Life Skills

Children want to perform the day-to-day activities they see adults perform. A central motif in Montessori thinking is: “Help me do it myself!”

The classroom’s Life Skills learning area is designed to help children develop the skills necessary for life. It is the setting for activities in:

  • Early Activities & Ground Rules
  • Manual Dexterity
  • Care for Self
  • Care of the Environment
  • Social Skills/Grace & Courtesy

Maria Montessori believed that children have a will to self-sufficiency; they want to perform those day-to-day activities that they see adults perform — to wash their own hands, pour water, cut with scissors, unscrew bottles, lay the table, polish and lace their shoes.

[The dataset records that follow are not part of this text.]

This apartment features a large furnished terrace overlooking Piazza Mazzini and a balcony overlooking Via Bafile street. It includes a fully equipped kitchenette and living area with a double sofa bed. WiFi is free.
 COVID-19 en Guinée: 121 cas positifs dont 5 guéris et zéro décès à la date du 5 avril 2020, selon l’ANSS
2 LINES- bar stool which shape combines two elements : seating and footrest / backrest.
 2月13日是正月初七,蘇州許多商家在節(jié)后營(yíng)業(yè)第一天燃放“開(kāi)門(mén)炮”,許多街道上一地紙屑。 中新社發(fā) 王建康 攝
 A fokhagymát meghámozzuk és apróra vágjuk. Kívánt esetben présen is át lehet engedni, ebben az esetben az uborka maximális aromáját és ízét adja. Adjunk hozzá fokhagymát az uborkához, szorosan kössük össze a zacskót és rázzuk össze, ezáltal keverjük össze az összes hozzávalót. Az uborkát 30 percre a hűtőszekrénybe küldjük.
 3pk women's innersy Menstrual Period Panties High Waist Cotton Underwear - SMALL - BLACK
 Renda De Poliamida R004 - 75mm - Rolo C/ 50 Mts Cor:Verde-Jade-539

For very young children however such tasks can be difficult, Montessori observed. She therefore devised and introduced into the Casa dei Bambini an interwoven set of activities to help children master these specific tasks and begin to care for themselves and their environment.

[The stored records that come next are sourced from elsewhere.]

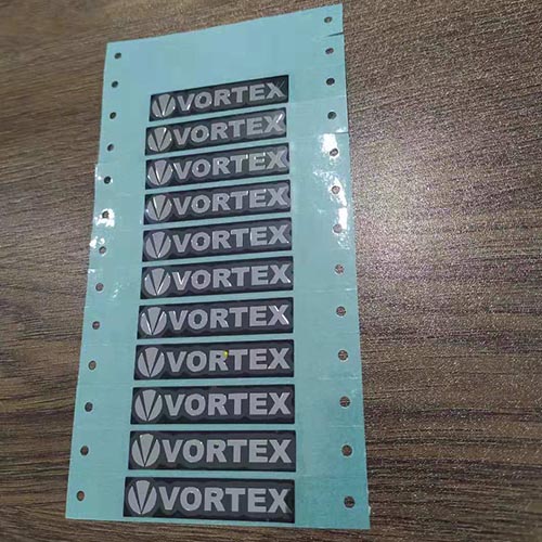 金屬標貼的組成有三層,分表層保護膜,里層成品,還有后面的背膠。使用簡單,只需輕輕的用手把標貼從不干膠紙上撕下來,然后粘貼到產品上面就可以了。
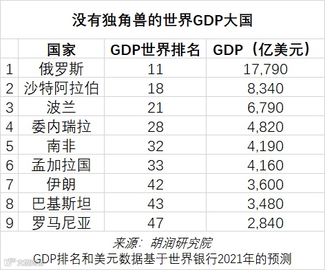 俄罗斯、沙特阿拉伯、波兰、委内瑞拉和南非这几个世界GDP大国没有一家独角兽。世界上近150个国家没有独角兽。
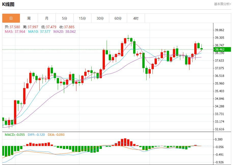 现货白银:截止北京时间20:23,现货白银下跌,现报38.408,跌幅0.35%。纽市盘前,由于当前阻力稳定在38.70美元,白银价格在最近一个交易日下跌,试图寻找一个上涨的低点,以此为基础,帮助其获得所需的看涨动力,以恢复和突破这一阻力,在短期基础上的小牛市占主导地位,并沿着这一趋势的支持性偏向线交易,在达到超卖水平后,来自EMA50上方交易的积极压力继续存在,此外(RSI)上出现积极信号。
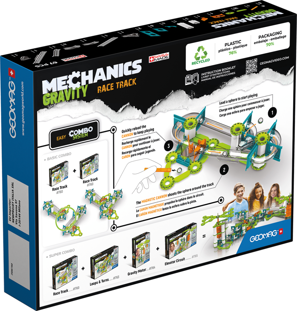 Geomag Mechanics Gravity Race Track je stavebnice o 67 dílcích, která umožňuje dětem od 8 let objevovat fascinující svět fyzikálních zákonů prostřednictvím interaktivní hry s magnetickými silami. Tento model umožňuje sestavit funkční dráhu, po které mohou obíhat ocelové kuličky. Díky průhledným drahám a obloukům spolu s výraznými barevnými prvky ve světle zelené, modré a oranžové barvě je konstrukce nejen atraktivní, ale také dobře přehledná, což usnadňuje pochopení principů pohybu a gravitace.
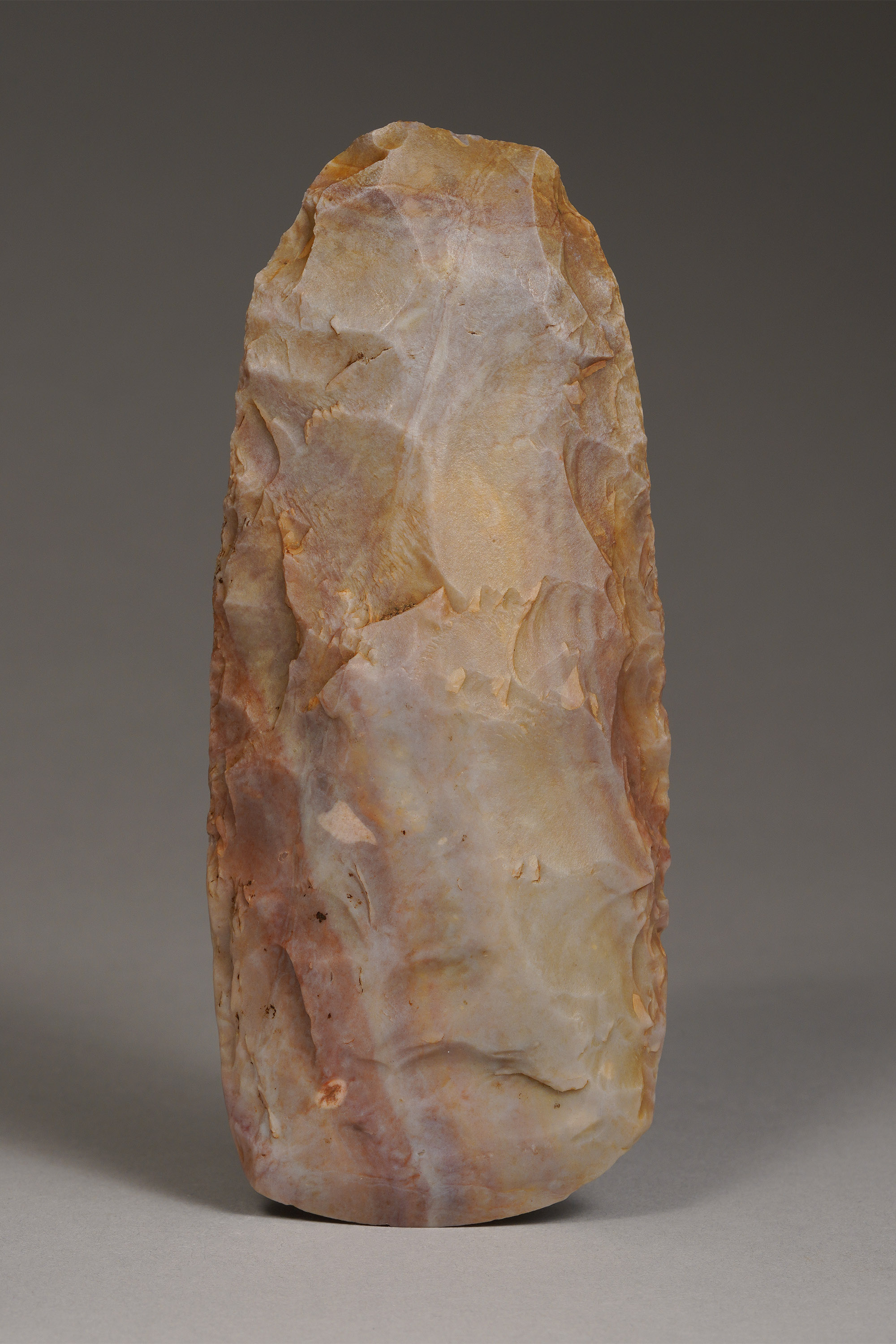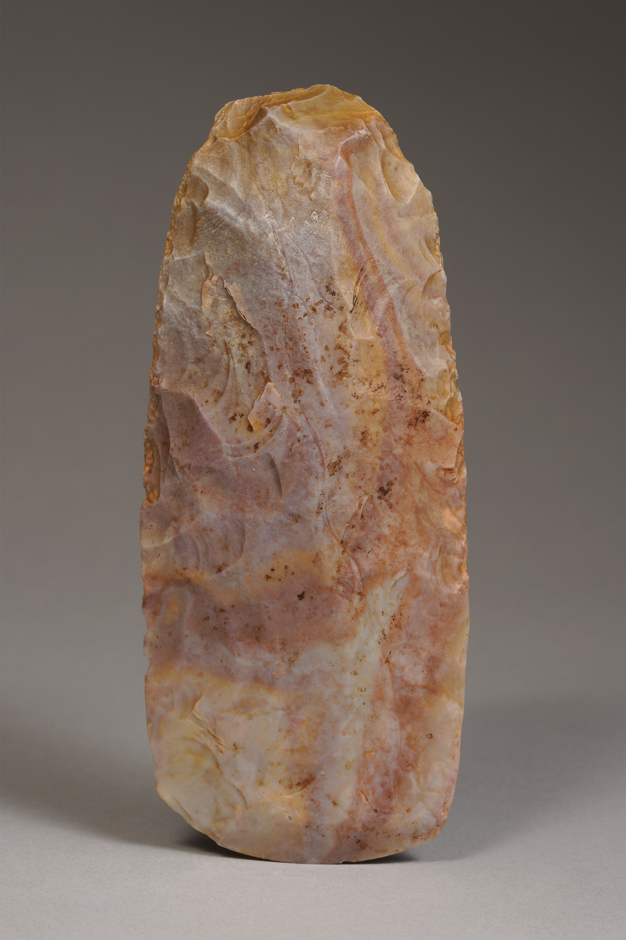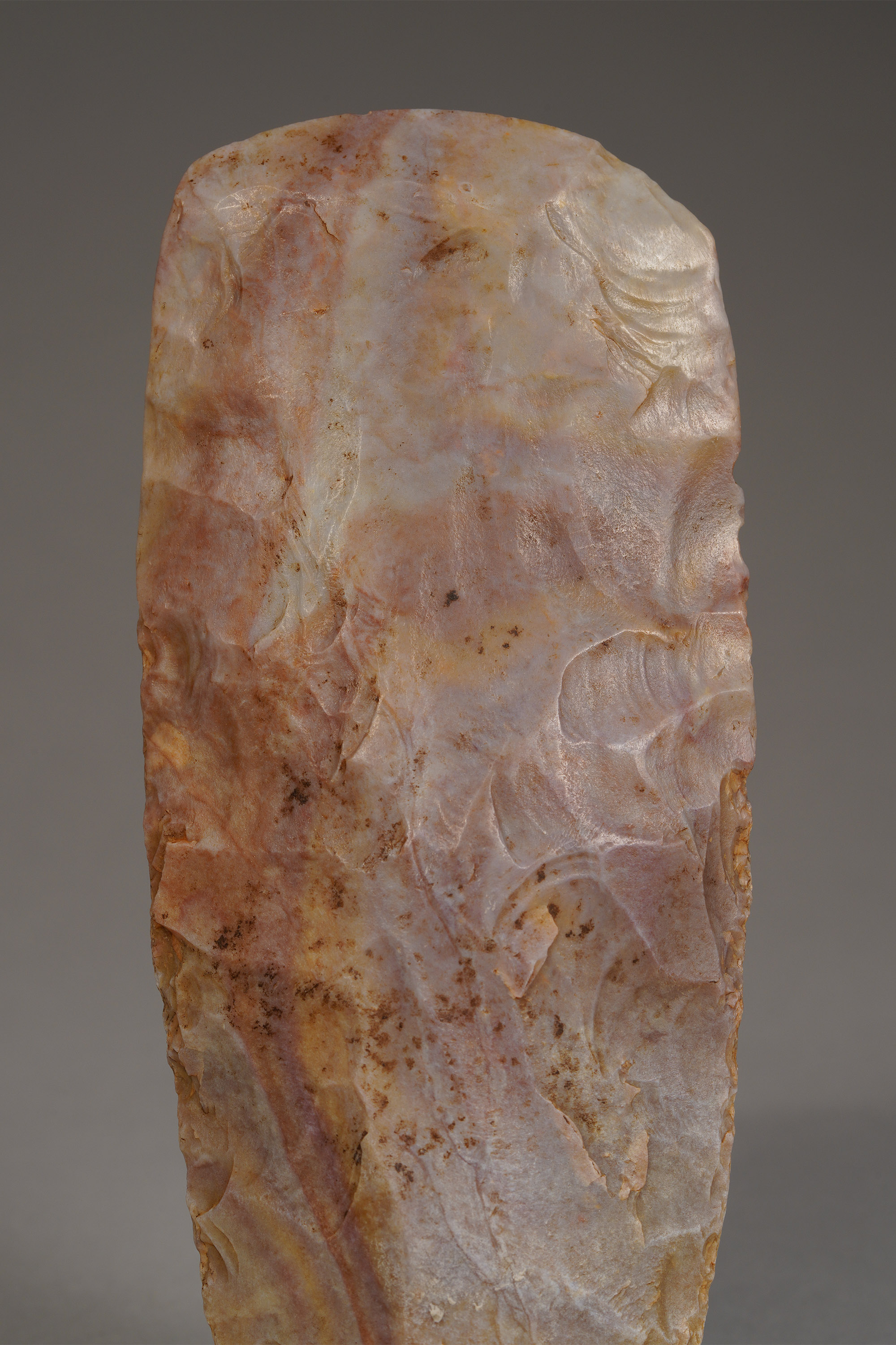 Axe blades such as this were made out of exceptionally high-quality flintstone / agate and belong to the Tenerean neolithic complex in West Africa. They are around 6000 years old. They were produced by specialized flint knappers who also made arrowheads and other tools. Most of them were found in Niger, but there were ateliers in (modern-day) neighboring countries as well. The axe blades had different shapes based on their function / purpose, and when in use they were sharpened along the outer edge. Gradually the axe blades became shorter and were resharpened until they were too small to work with. Most of the axe blades found are in the first stage, simply knapped and ‘fresh’ (found in close proximity to the ateliers). When used and re-sharpened they were dispersed around a wide region, and are much more difficult to find today (Pers. communication, Michel Van Den Dries, 2025).

The objects used in these activities are specially manufactured household tools —  mops, brooms, dustpans, brushes — made lighter, child-sized and of natural materials such as wood. This equipment, Montessori wrote, “satisfied the need [children] have of moving about intelligently.”

Early Activities & Ground Rules

To engage in these and other activities requires a secure and peaceful environment, which is fostered in the Casa Dei Bambini by Ground Rules. As children follow these rules they gain care and respect for themselves, for others and for the environment. In such a harmonious milieu children possess the freedom to choose their activities, to concentrate and to create.

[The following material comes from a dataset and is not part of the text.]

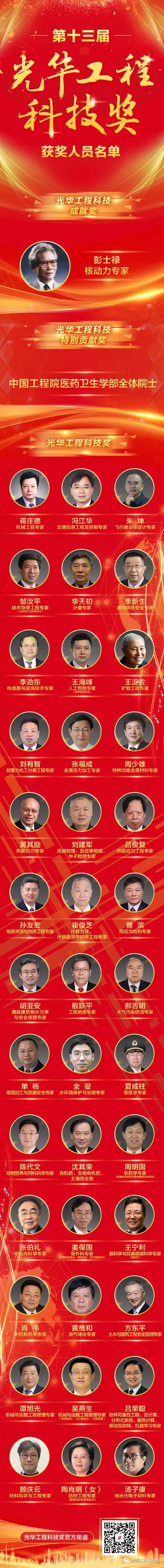 11月8日,第十三屆光華工程科技獎(jiǎng)揭曉儀式在北京隆重舉行。中國兵器工業(yè)集團(tuán)有限公司科技委副主任委員、戰(zhàn)術(shù)導(dǎo)彈工程專家鄒汝平獲第十三屆光華工程科技獎(jiǎng)(獲獎(jiǎng)人員全名單及鄒汝平事跡附后)。 光華工程科技獎(jiǎng)由中國工程院主管,每兩年頒發(fā)一次,目前已是第十三屆,被譽(yù)為“中國工程界最高獎(jiǎng)項(xiàng)”,極大地激勵(lì)了我國工程師、科學(xué)家從事工程科技研究、發(fā)展、應(yīng)用的積極性和創(chuàng)造性。根據(jù)光華工程科技獎(jiǎng)候選人提名要求,候選人需在重大工程設(shè)計(jì)、研制、建造、生產(chǎn)、運(yùn)行、管理等方面解決關(guān)鍵科學(xué)技術(shù)問題或在工程科學(xué)技術(shù)及工程管理領(lǐng)域有重要發(fā)現(xiàn)、發(fā)明,并有顯著應(yīng)用成效,或者是應(yīng)用本人研究成果、發(fā)明創(chuàng)造,發(fā)展高新技術(shù)及相關(guān)產(chǎn)業(yè),成效特別顯著者才可提名。今年,全國范圍內(nèi)共產(chǎn)生了296名有效候選人。 此次揭曉儀式正式公布了從296名候選人中評(píng)選出的第十三屆光華工程科技成就獎(jiǎng)、光華工程科技特別貢獻(xiàn)獎(jiǎng)以及光華工程科技獎(jiǎng)的獲得者,最終僅有40位專家和1個(gè)團(tuán)體獲獎(jiǎng)。本屆光華工程科技獎(jiǎng)的獲獎(jiǎng)科學(xué)家們,緊密圍繞國家重大戰(zhàn)略需求,瞄準(zhǔn)經(jīng)濟(jì)建設(shè)和事關(guān)國家安全的重大工程科技問題,緊貼新時(shí)代社會(huì)民生現(xiàn)實(shí)需求和軍民融合需求,加快自主創(chuàng)新成果轉(zhuǎn)化應(yīng)用,為創(chuàng)新驅(qū)動(dòng)發(fā)展,建設(shè)科技強(qiáng)國,以及實(shí)現(xiàn)“兩個(gè)一百年”奮斗目標(biāo)和中國夢(mèng)做出了重要貢獻(xiàn)。 獲獎(jiǎng)人員全名單 來源/光華工程科技獎(jiǎng) |
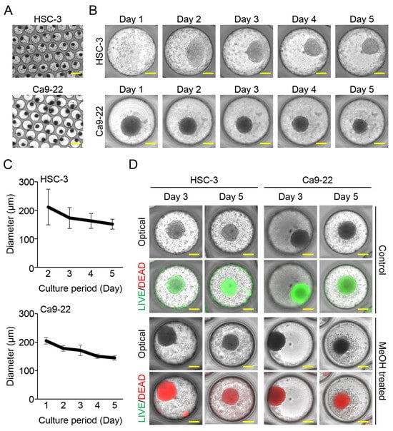 The formation of oral cancer cell spheroids in the microwell device. (A,B) Representative microscopic images with low ((A); scale bars: 500 μm) and high ((B); scale bars: 100 μm) magnifications. (C) The diameter of oral cancer cells spheroids (n = 3). (D) Representative microscopic images of live and dead cells of spheroid. Methanol-treated cells (MeOH treated) were used as a positive control for dead cells. Scale bars: 100 μm.

With freedom comes responsibility; children may work with any material as long as they do so respectfully; they may carry out any activity provided they have been given a presentation about it by an adult guide; and upon finishing their work they are responsible for pushing their chairs back under the table, or, if they’ve been working on the floor, for rolling up their own mats and putting them away tidily. They mop up their own spills.

Manual Dexterity

With ground rules set, children focus on developing their fine motor skills and hand-eye coordination. Montessori wrote:

The child’s intelligence can develop to a certain level without the help of his hand. But if it develops with his hand, then the level it reaches is higher, and the child’s character is stronger … The facts are that a child’s character remains rudimentary unless he finds opportunities for applying his powers of movement to his surroundings.

In various activities then, children transfer with spoons, pour from bottles, open and close lids. To learn the important tripod grip — necessary for future writing — they grip with tongs and tweezers, draw into and squeeze out of pipettes, lock and unlock padlocks, and screw and unscrew nuts and bolts. They also learn to fasten and unfasten buttons, buckles and togs by using child-sized dressing frames.

In performing Life Skills activities, children are at work. Montessori biographer E. M. Standing wrote: “It is by a habit of work that children learn how to move their hands and arms and to strengthen their muscles.”

Care for Self

“The child’s first instinct is to carry out his actions by himself, without anyone helping him,” wrote Dr Montessori; indeed, adults often hear children exclaim: “I want to do it!” Children want to wash their hands, clean their teeth, brush their hair, blow their nose, dress and undress, cook, and so on.

When children undertake these activities they learn to take care of themselves, just as adults do. A central motif in Montessori thinking is: “Help me do it myself!”

Care of the Environment

In activities focusing on care of the environment, children interact respectfully and lovingly with their surroundings and with nature so that they may acquire personal responsibility towards where they live — their homes, school and wider community.

Such activities include clearing up — brushing tables, washing dishes, sweeping & mopping floors, raking leaves — and weeding the garden and arranging flowers.

Children may also cultivate flowers and vegetables in a carefully-planned area of land outdoors. They dig, weed, plant and harvest using right-sized tools.

Social Skills / Grace & Courtesy

In a Montessori environment the role of the adult is modeling moving around a space  peacefully— even if crowded — and handling materials gently. Children walk slowly and carefully when carrying materials so as to avoid dropping a tray or a chair or colliding with others. They learn patience by waiting for other children to finish using equipment.

Seeing that children enjoy being shown very precisely how to behave socially, Dr Montessori introduced activities involving grace and courtesy. Gentle words are spoken such as “please” and “thank you”, a conversation is interrupted courteously, a chair offered, compliment paid, a person greeted.

These activities help foster children’s self-discipline and not so much competition as cooperation.